*SOURCE MATERIAL*.
Segment Open
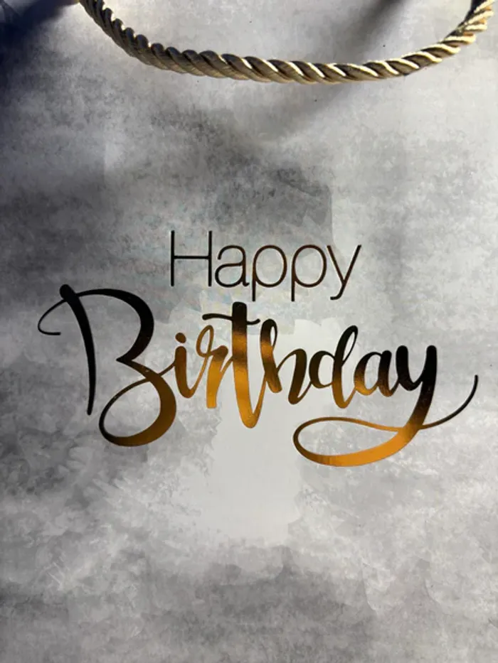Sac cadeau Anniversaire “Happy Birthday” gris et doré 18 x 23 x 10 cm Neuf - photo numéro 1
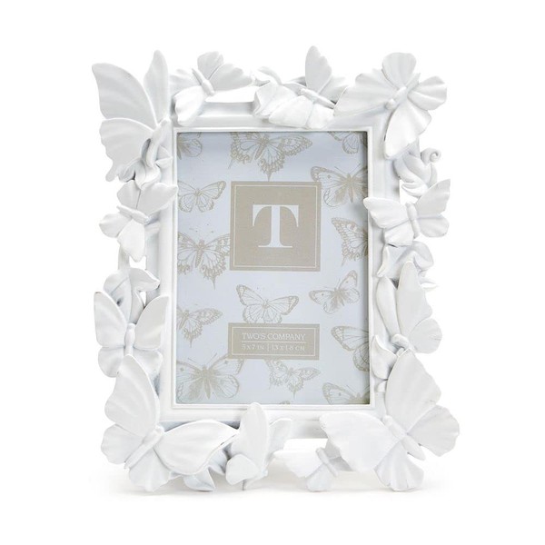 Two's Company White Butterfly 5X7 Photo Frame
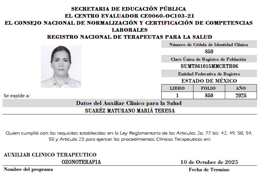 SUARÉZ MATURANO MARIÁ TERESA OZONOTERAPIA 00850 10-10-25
Segment Closed
Segment Open
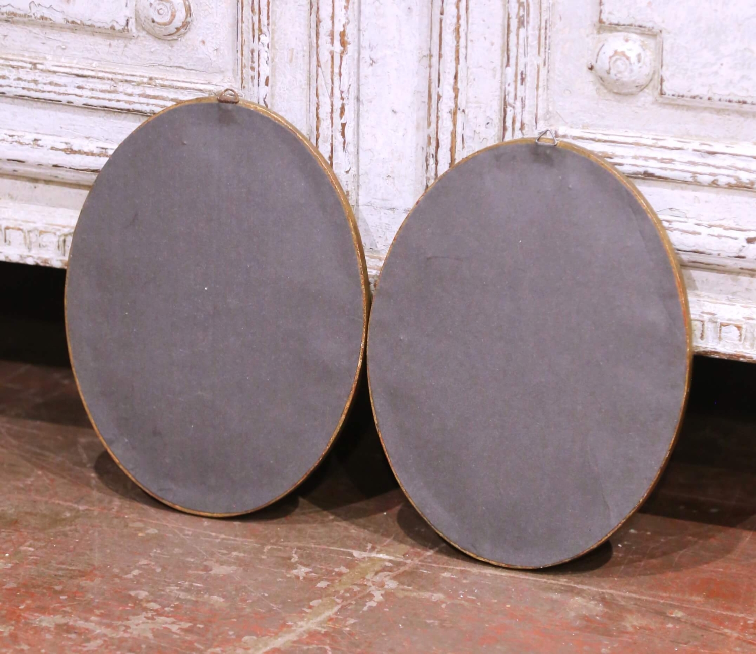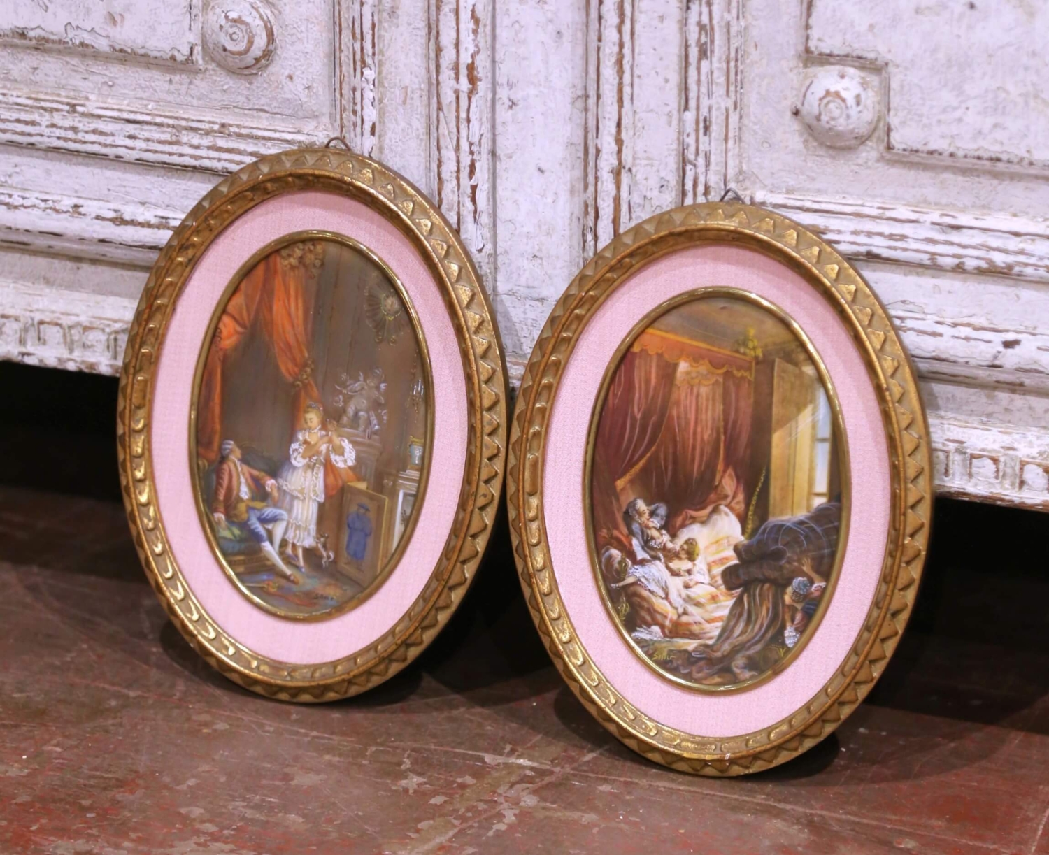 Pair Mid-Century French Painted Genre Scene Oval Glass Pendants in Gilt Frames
Segment Closed
Find where the line with "Sac cadeau Anniversaire" sits in the material above and where the line with "SUARÉZ MATURANO MARIÁ" sits. Set down exactly the lines from the first to the second, both included and nothing else, without pictures.

*ANSWER SPACE*.
Sac cadeau Anniversaire “Happy Birthday” gris et doré 18 x 23 x 10 cm Neuf - photo numéro 1
 Two's Company White Butterfly 5X7 Photo Frame
 SUARÉZ MATURANO MARIÁ TERESA OZONOTERAPIA 00850 10-10-25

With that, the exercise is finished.